Часть 8

К Милли удалось выбраться только после ужина: в столовой действовало правило "кто не успел, тот сам виноват", и опоздавшим за общей кормежкой приходилось либо покупать еду в кантине, либо ложиться спать с пустыми животами. О существовании кантины Риссе и Иллин поведал Ремис, уже успевший законтачить с кем-то из старожилов. Правда, от этой информации было ни жарко ни холодно: в отличие от столовки, кантина была удовольствием платным, поэтому ходили туда либо богатенькие имперские детки, которым родственники регулярно перечисляли деньги, либо предприимчивые ребята, умудрявшиеся подзаработать даже в Академии. Ну, и надзиратели с инструкторами, конечно.

— Как-то тихо тут, — поделился с девчонками наблюдением Ремис, когда они вышли из столовой. — Столько малышни и молодых ребят, а тишина стоит, как в гробнице. Аж на уши давит.

В этом он был прав: Рисса еще в первый день заметила, что в Академии даже старшие послушники разговаривают не иначе как вполголоса, а погалдеть и спокойно поболтать идут во двор. В самой Академии же только и слышно было, как кто-то ходит, кто-то о чем-то шепчется, да доносятся из лекционных залов звучные, поставленные голоса учителей и инструкторов.

— Ну, иди и пошуми, если так хочешь, — ехидно посоветовала Иллин. Они как раз проходили через главный холл, мимо древнего каменного обелиска и двойной лестницы на второй, почти запретный этаж. "Почти запретным" он назывался потому, что в библиотеку ходить было можно, а вот по коридорам шататься — категорически нельзя, так как остальной этаж предназначался для сотрудников Академии и лордов. — Только не жалуйся, когда тебя в карцер за нарушение дисциплины бросят.

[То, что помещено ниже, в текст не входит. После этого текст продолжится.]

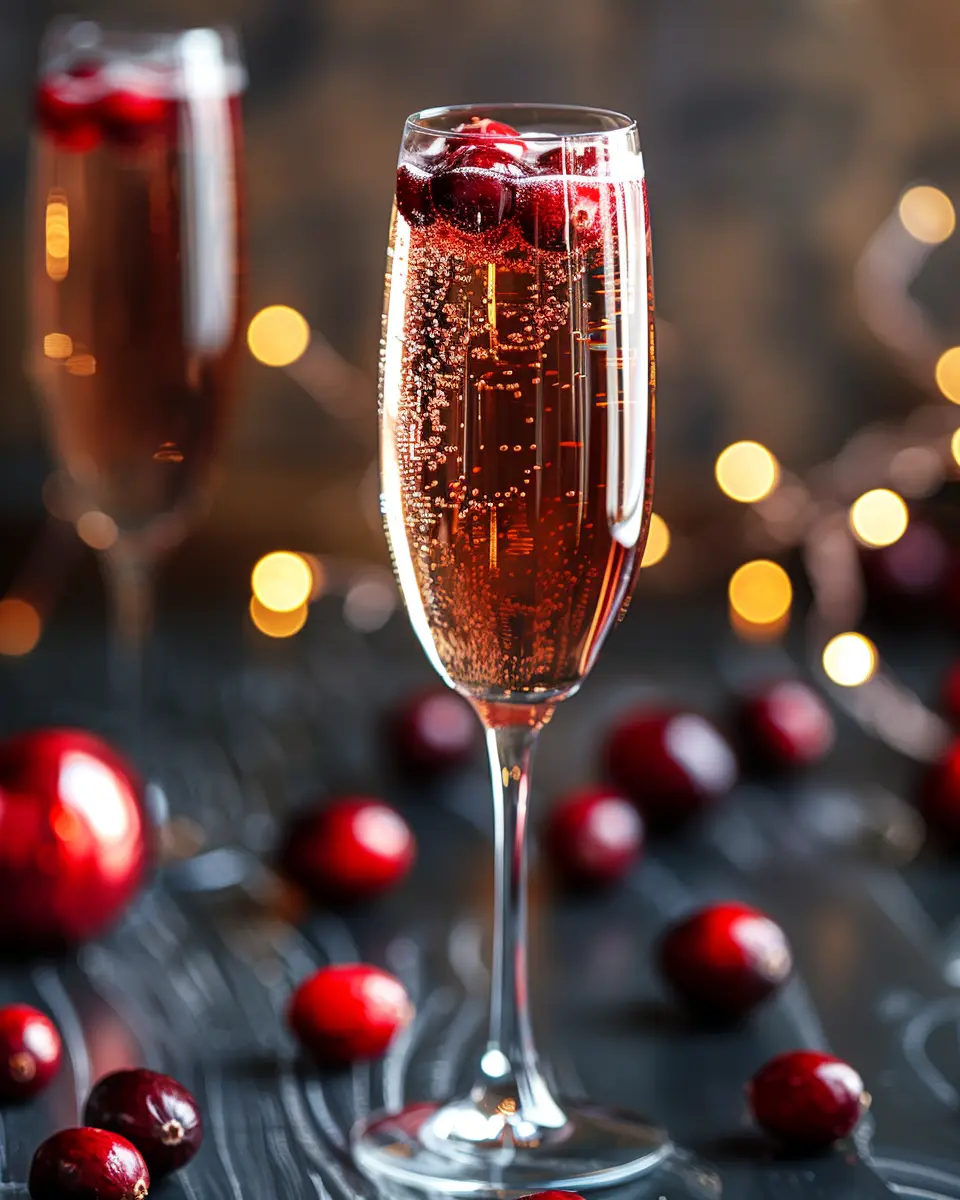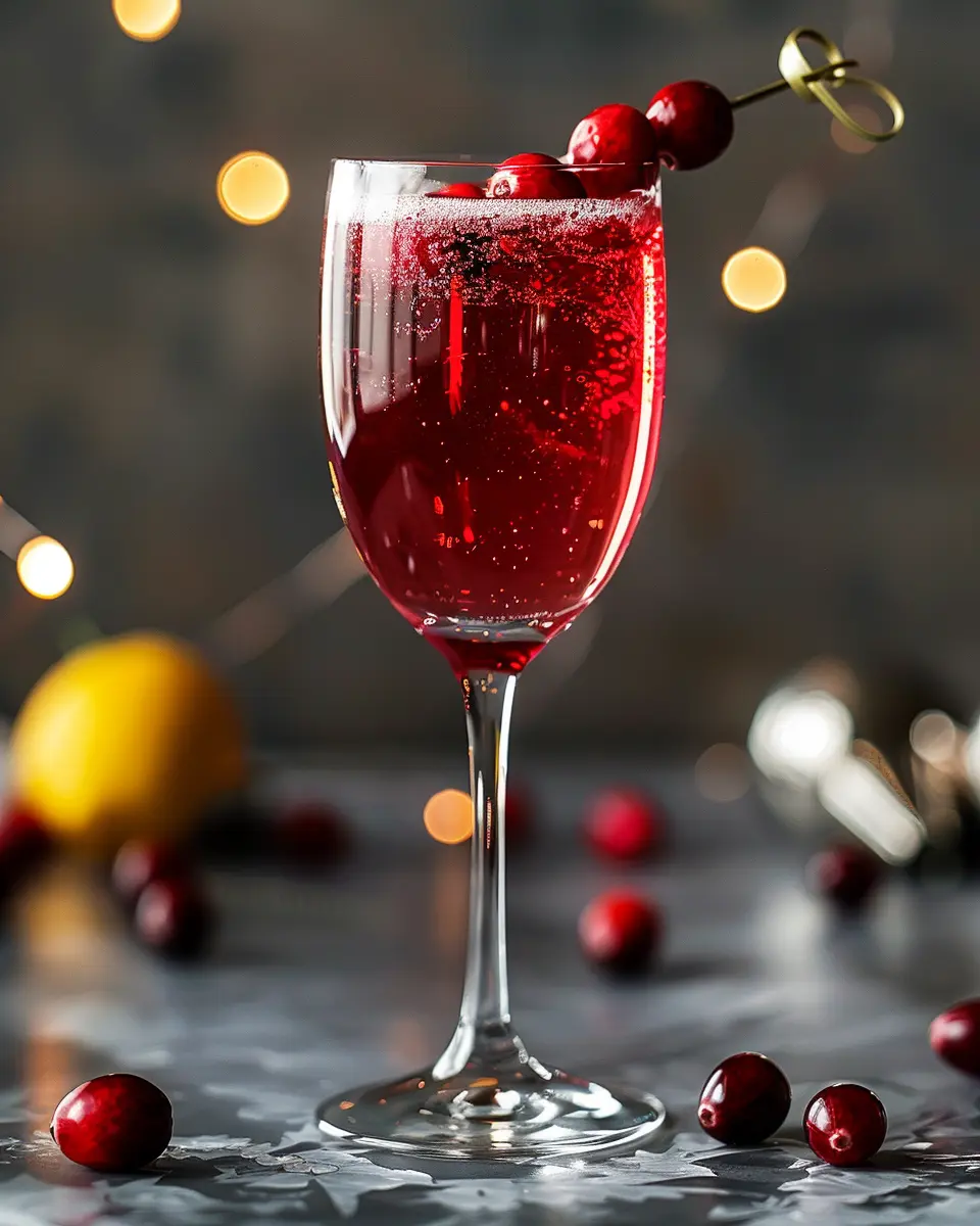 A delightful spin on the classic French 75 cocktail, incorporating the flavors of cranberry for a refreshing and festive drink.

От разговора их отвлек гулкий металлический лязг, донесшийся из коридора. Через холл торопливо просеменил медицинский дроид, за которым плыли гравиносилки, укрытые белым покрывалом. Риссе сперва показалось, что везут труп, но тут тело под покрывалом зашевелилось и громко застонало. Старшие послушники, что-то тихо, но оживленно обсуждавшие у обелиска небольшой группкой, едва скользнули по раненому скучающими взглядами, даже не прерывая разговора.

— Только хотела спросить, в какой стороне медблок, — с нарочитым равнодушием бросила Рисса, хотя на самом деле от увиденного ей стало жутковато. — Пошли за ними.

Утром Рисса в медблок так и не попала — Милли у нее перехватила караулившая у входа в Академию Дильхаш, — так что без проводника найти его было бы той еще задачкой. Ориентировались в Академии ребята пока из рук вон плохо: как и полагалось любой уважающей себя древней пирамиде (почему-то именно пирамиды любили изображать в фантастических фильмах и играх, где фигурировали загадочные руины какой-нибудь вымершей цивилизации), внутри она была настоящим лабиринтом. Коридоры ветвились, заканчивались тупиками и, казалось, периодически выводили совсем не туда же, куда вели в прошлый раз. Вчера, пытаясь найти столовую, они вчетвером дружно завалились в тюремный блок, откуда их со смехом выпроводил крепкий парень в бронекостюме, зловеще пообещав, что "еще заглянете, никуда не денетесь". Снова завернуть к этому оптимисту или, того хуже, к Аргейлу в кабинет, Рисса желанием не горела.

Следуя за дроидом, ребята миновали несколько лекционных залов и каменную дверь в два человеческих роста высотой, резко выбивавшуюся из унылого серо-стального окружения. Ремис подошел к ней и заворожено провел пальцами по огромному светящемуся иероглифу, выложенному на створках. После сегодняшнего урока по древнеситскому он даже показался Риссе смутно знакомым.

— Прикиньте, это из кристаллов сделано! — восхищенно присвистнул Ремис. — Ну, вроде тех, которые в световые мечи вставляют: они теплые на ощупь, и руку от них отталкивает, будто там магнитное поле. Интересно, а за дверью что?

— Не знаю и знать не хочу. — Рисса поежилась: от двери исходил странный холод, от которого все волоски на теле дыбом вставали. — Пошли отсюда, а? Милли, наверное, уже думает, что мы про нее забыли.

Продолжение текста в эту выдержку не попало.